**Assignment:**
Every entry below should be repeated exactly; the pictures should not.

[Records for the exercise Boundary: Start]

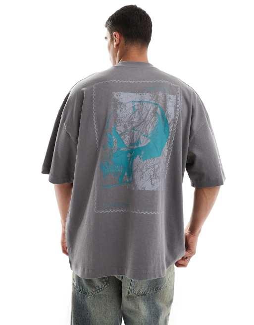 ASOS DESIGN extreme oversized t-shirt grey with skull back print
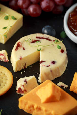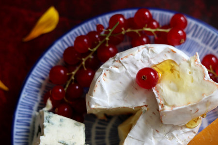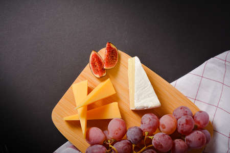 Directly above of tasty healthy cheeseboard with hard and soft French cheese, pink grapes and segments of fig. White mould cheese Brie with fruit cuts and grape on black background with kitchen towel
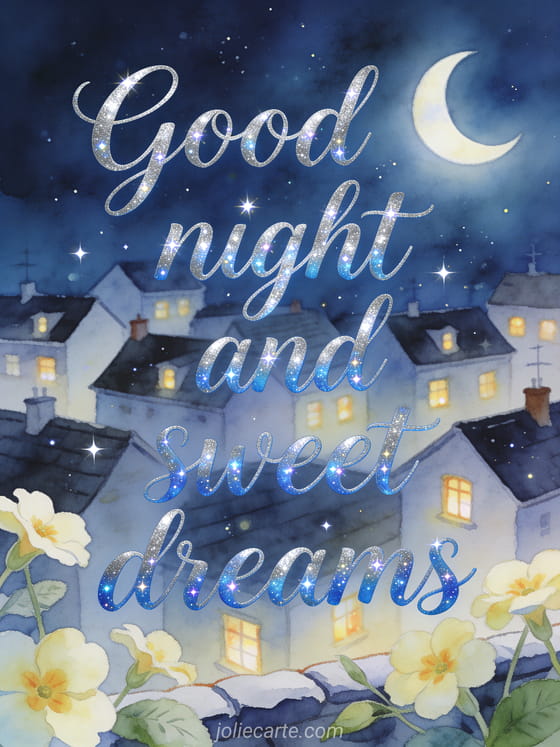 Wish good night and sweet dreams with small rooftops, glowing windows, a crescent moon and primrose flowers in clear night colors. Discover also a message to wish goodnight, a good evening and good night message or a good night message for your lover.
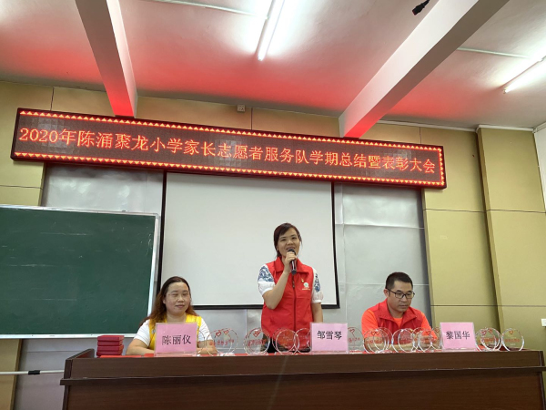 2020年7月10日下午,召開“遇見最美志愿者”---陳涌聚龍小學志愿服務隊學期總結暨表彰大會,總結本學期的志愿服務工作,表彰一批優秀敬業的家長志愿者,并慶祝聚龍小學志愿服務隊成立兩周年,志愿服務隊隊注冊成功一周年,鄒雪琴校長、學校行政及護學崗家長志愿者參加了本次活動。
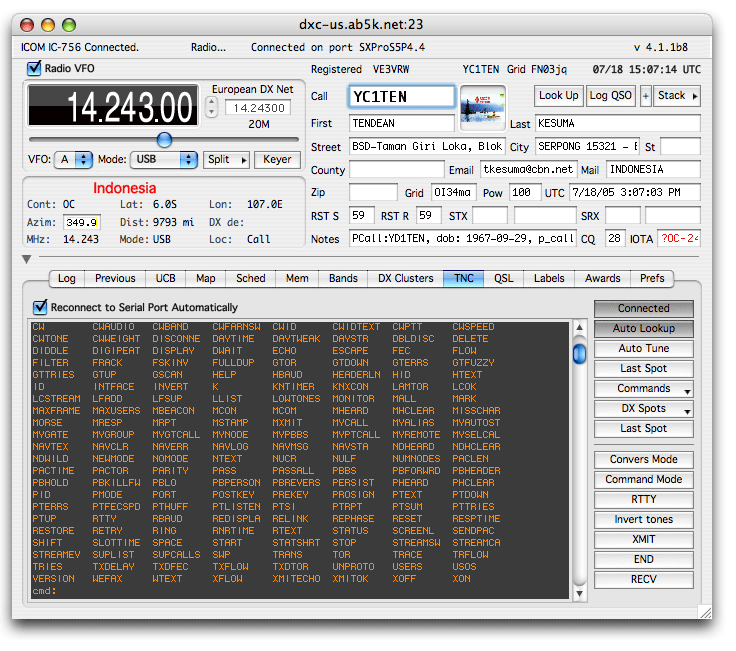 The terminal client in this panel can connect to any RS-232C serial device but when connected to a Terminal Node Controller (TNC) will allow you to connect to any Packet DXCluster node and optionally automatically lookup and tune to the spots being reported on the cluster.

[Records for the exercise Boundary: End]

**Task solution:**
 ASOS DESIGN extreme oversized t-shirt grey with skull back print
 Directly above of tasty healthy cheeseboard with hard and soft French cheese, pink grapes and segments of fig. White mould cheese Brie with fruit cuts and grape on black background with kitchen towel
 Wish good night and sweet dreams with small rooftops, glowing windows, a crescent moon and primrose flowers in clear night colors. Discover also a message to wish goodnight, a good evening and good night message or a good night message for your lover.
 2020年7月10日下午,召開“遇見最美志愿者”---陳涌聚龍小學志愿服務隊學期總結暨表彰大會,總結本學期的志愿服務工作,表彰一批優秀敬業的家長志愿者,并慶祝聚龍小學志愿服務隊成立兩周年,志愿服務隊隊注冊成功一周年,鄒雪琴校長、學校行政及護學崗家長志愿者參加了本次活動。
 The terminal client in this panel can connect to any RS-232C serial device but when connected to a Terminal Node Controller (TNC) will allow you to connect to any Packet DXCluster node and optionally automatically lookup and tune to the spots being reported on the cluster.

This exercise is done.